Notes on the implementation of VSADD
John Strawn
20 July 1987
1. How the inner loop came to be developed
The single scalar input is pointed to by R_I2, which is never
incremented. Assuming sinp != sins ("input scalar side"), the
inner loop might look like:
do x1,pf\vsadd_\ic\loop1
move sinp:(R_I1)+N_I1,x0 sins:(R_I2),a
add x0,a a,sout:(R_O)+N_O
pf\vsadd_\ic\loop1
An alternate would be something like:
move sins:(R_I2,),a
move sinp:(R_I1)+N_I1,b
add b,a
do x1,pf\vsadd_\ic\loop2
add b,a a,sout:(R_O)+N_O
move sinp:(R_I1)+N_I1,a
pf\vsadd_\ic\loop2
which is even better because there are no sins vs sinp vs sout
conflicts. Note that you can't fold that last move into the
second move slot in the add instruction because you'd be moving
into register a, which is what the add is writing into.
In that last example, the "add" doesn't use one of the two move
fields. Assuming sinp != sout, you can effectively "double up"

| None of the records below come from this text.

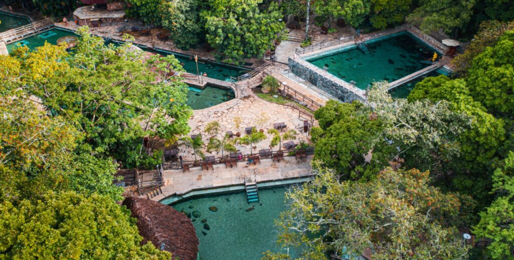 As águas naturalmente quentinhas são resultado de um processo geotérmico milenar que é único no mundo, com destaque internacional. Diferente de outros lugares, onde a origem é vulcânica, em Rio Quente, a água da chuva se infiltra nas rochas da Serra de Caldas Novas, aquecendo-se e unindo-se aos lençóis freáticos que voltam à superfície nas oito piscinas naturais do Parque das Fontes, que fica aberto 24 horas para hóspedes dos seis hotéis do Rio Quente Resorts: Pousada, Turismo e Cristal, que ficam dentro do complexo, e os externos Giardino, Luppi e Eco Chalé.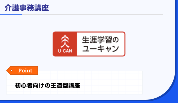ユーキャンの介護事務講座は、「はじめて介護事務を学ぶ人」を強く意識した王道型の通信講座です。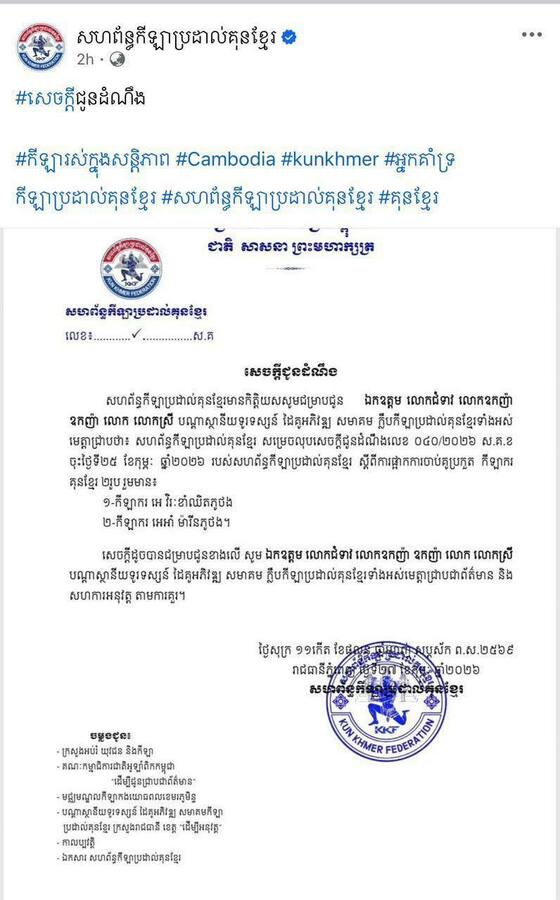 គួរជម្រាបជូនថា នាព្រឹកថ្ងៃដដែលខាងលើ សម្តេចអគ្គមហាសេនាបតីតេជោ ហ៊ុន សែន បានទទូចឲ្យសហព័ន្ធកីឡាប្រដាល់គុនខ្មែរលុបចោលសេចក្តីជូនដំណឹង ពាក់ព័ន្ធនឹងផ្អាកកីឡាករប្រដាល់គុនខ្មែរពីររូបមិនឱ្យចូលរួមការប្រកួតរយៈពេល៦ខែ។

the instructions. Pipelining must be carefully handled to avoid
the screw case cnt=1. Of course, you've already tested against
cnt=0. Assume x1 contains cnt/2. You'd have something like
move sins:(R_I2),y0
move sinp:(R_I1)+N_I1,a
move sinp:(R_I1)+N_I1,b
add x0,a
do x1,pf\vsadd_\ic\l3
add y0,b move sinp:(R_I1)+N_I1,a a,sout:(R_O)+N_O
add y0,a move sinp:(R_I1)+N_I1,b b,sout:(R_O)+N_O
pf\vsadd_\ic\l3
(if odd then:)
move a,sout:(R_O)+N_O
As Julius says, this is asymptotically twice as fast as the loop
1 and loop2 solutions given earlier. Of course, if sinp==sout,
then the solutions are identical in execution time.
2. Debugging.
Of the possible combinations of sins, sinp, and sout:
sinp sins sout
1 x x x
2 x x y
3 x y x
4 x y y
5 y x x
6 y x y
7 y y x
8 y y y
actually, sins is outside the main loop, so it should be adequate
to test one x and one y of sins. We must test sinp==sout and
sinp=!sout for sinp==x and sinp==y. So the four tests chosen are
1, 2, 5, and 8, numbered t1 through t4 in tvsadd.asm.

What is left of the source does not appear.